I can recommend this. I'm sure it's a bug in the YouTube interface that they recommend literally nothing. My home screen has been completely empty for over a year, just a message saying "Your watch history is off". I have a couple subscriptions, which means a new video every so many days, which appear in the side bar, and they're still two or three clicks away, and that's perfect.
It's not a bug, it's extremely passive aggressive. They couple it with rewriting their browser, working group recommendations, and legal lobbying to make shoving ads down your throat their basic "human" right. When I saw they did it to me, my response was, "great, game on".
I work every day with people addicted to YouTube. A WorkMode client shared this approach; we tested it with a small group. Anecdotal but consistent - it works surprisingly well, cuts usage sharply, and seems to hold up long-term.
I did this with both reddit and YouTube on my phone. That's how I beat the doom scrolling loop.
On Android for YT, I've installed the NewPipe app which can be configured to show no suggestions. I just have a list of app level subscribed channels, no yt account required
Instead of using the YouTube app, I use the website on both my phone and computer.
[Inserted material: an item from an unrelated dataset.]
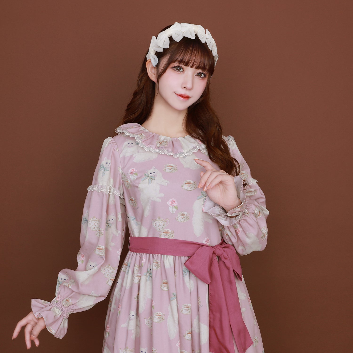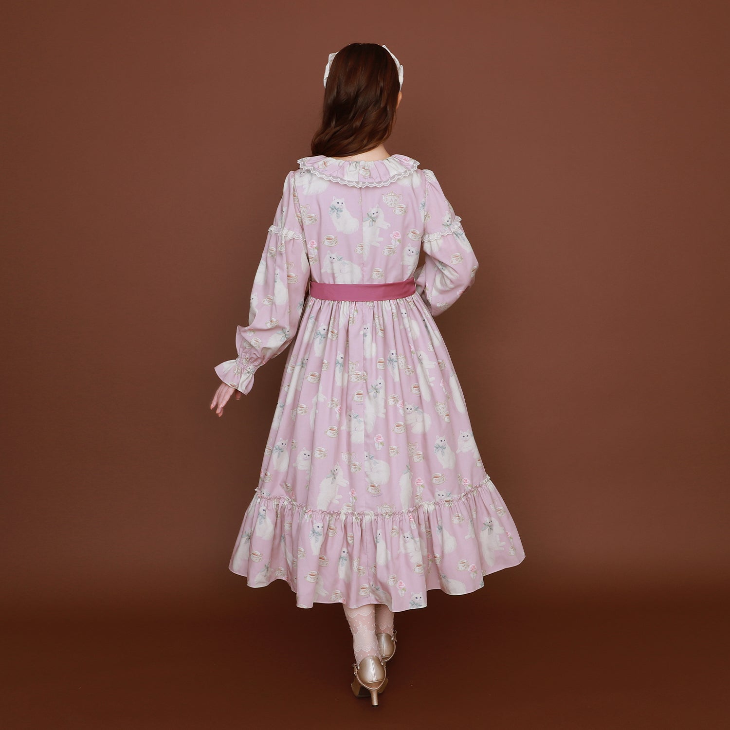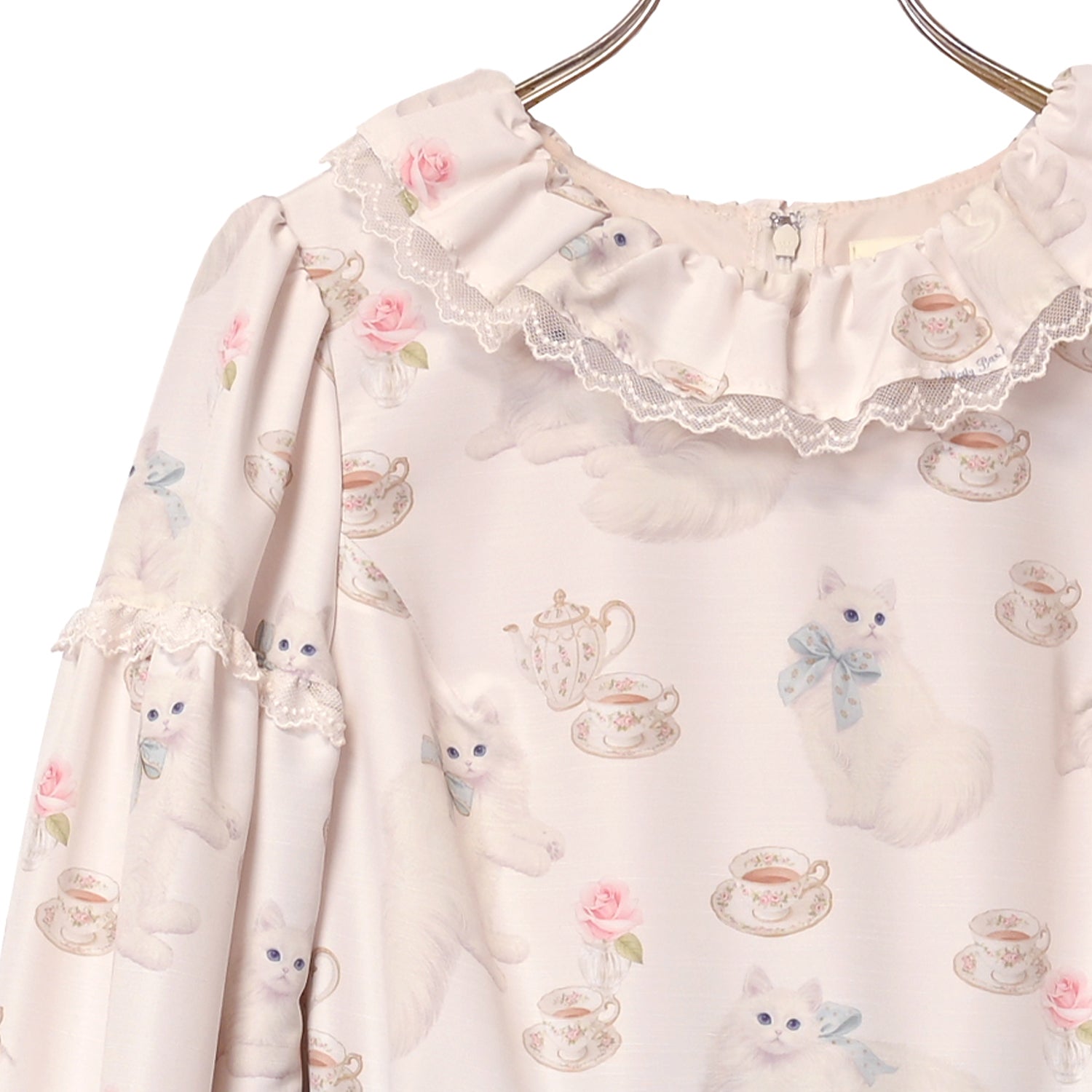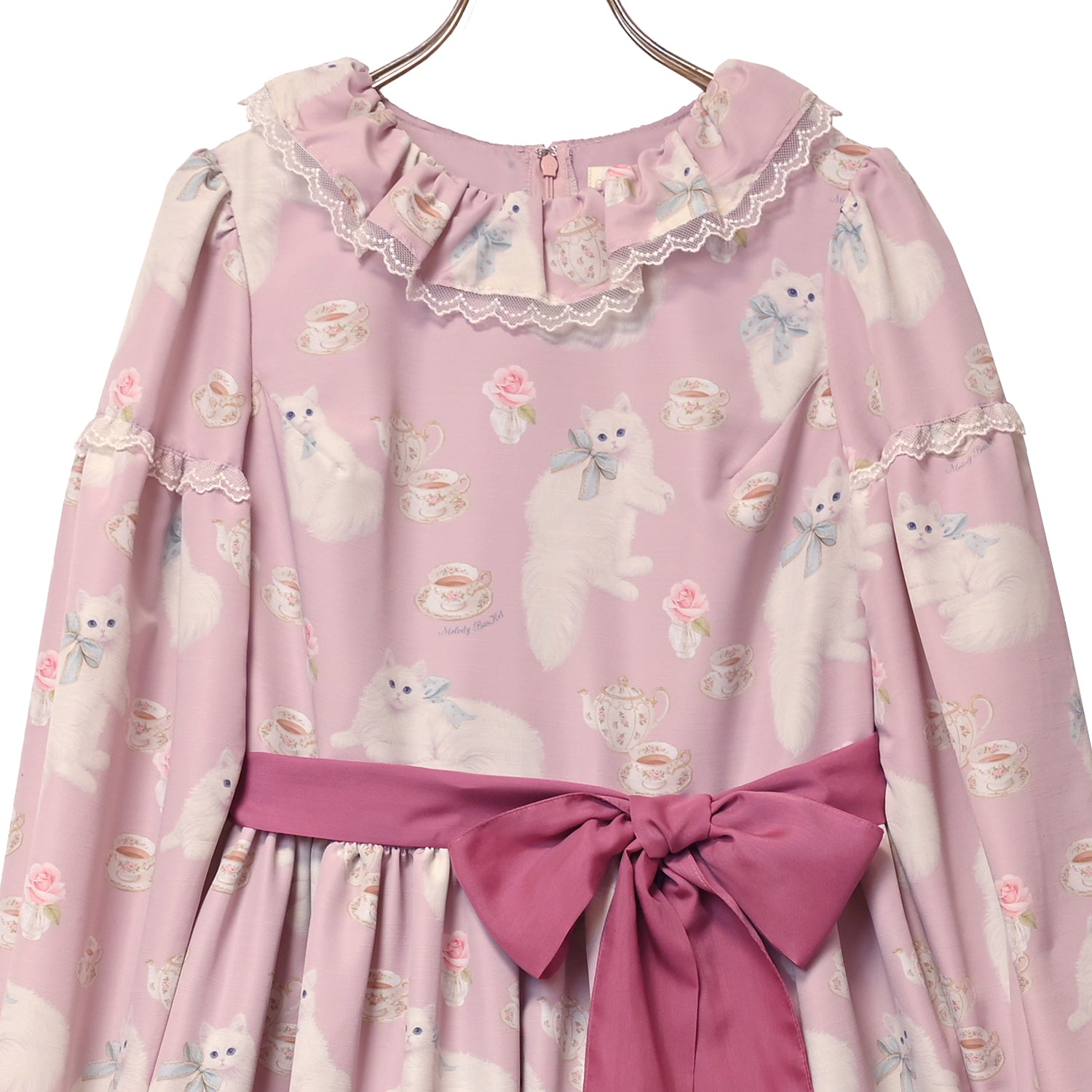 白猫のTea timeフリルカラーワンピース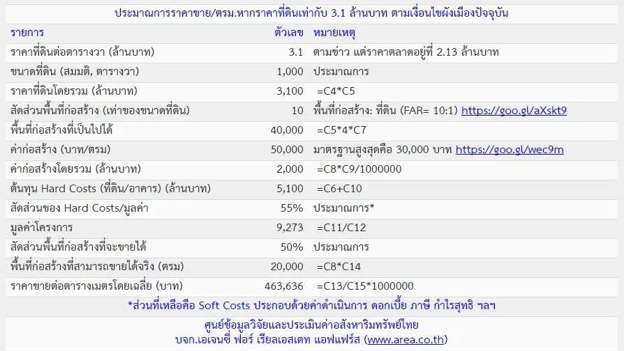 ตามข้อมูลของมูลนิธิประเมินค่าทรัพย์สินแห่งประเทศไทย มาตรฐานราคาค่าก่อสร้างสูงสุดสำหรับอาคารชุดสูงใหญ่ก็คือ 30,000 บาทต่อตารางเมตร (https://goo.gl/wec9m) ในที่นี้สมมติให้ค่าก่อสร้างเพิ่มเป็น 50,000 บาทต่อตารางเมตร ก็จะทำให้ค่าก่อสร้างโดยรวมเป็นเงิน 2,000 ล้านบาท และเมื่อรวมกับราคาที่ดินก็จะเป็นเงิน 5,100 ล้านบาท แต่นี่ยังไม่ได้เป็นมูลค่า เป็นค่า Hard Costs ซึ่งประกอบด้วยที่ดินและอาคาร ในที่นี้จึงสมมติให้มีสัดส่วนเป็น 55% ของมูลค่า ส่วนอีก 45% เป็น Soft Costs ซึ่งประกอบด้วยค่าดำเนินการ ดอกเบี้ย ภาษี กำไรสุทธิ และอื่น ๆ

I have userscript setup to hide all shorts and community posts. Can be done easily with a CSS selector which sets it to:
highly recommend that as well. Disabling history greatly reduced my time spent in the app. UnTrap plugin for Safari helps as well.
Can't say that I feel like I spend a reasonable amount of time on the platform still, but now it's mostly me having an urge to distract myself, opening the website and finding the videos I have seen already then closing the tab.
I also do that; open the site and look for content. I have enough subscriptions to always be able to find something. Yet somehow not falling into the Shorts attention trap is what saves my time.
And even if you pull out the issue with the whole root, you have to fill it with something worthwhile, nurturing, and sustainable to you. Otherwise the hole will get filled by the next best time-wasting activity.
Interesting that title of this post was changed. I think I have seen this happening 2nd time now. It seems Hacker News does not favor AI negative narratives.
Has happened to me before. It seems they change anything that has a negative connotation to try to take something more positive out of it. I don't love that they do that without asking or confirming with the author. But this title is also fine with me. I actually thought about naming it "Curing your AI 10x Imposter Syndrome", but it felt like a stretch that someone would understand what the content would be about.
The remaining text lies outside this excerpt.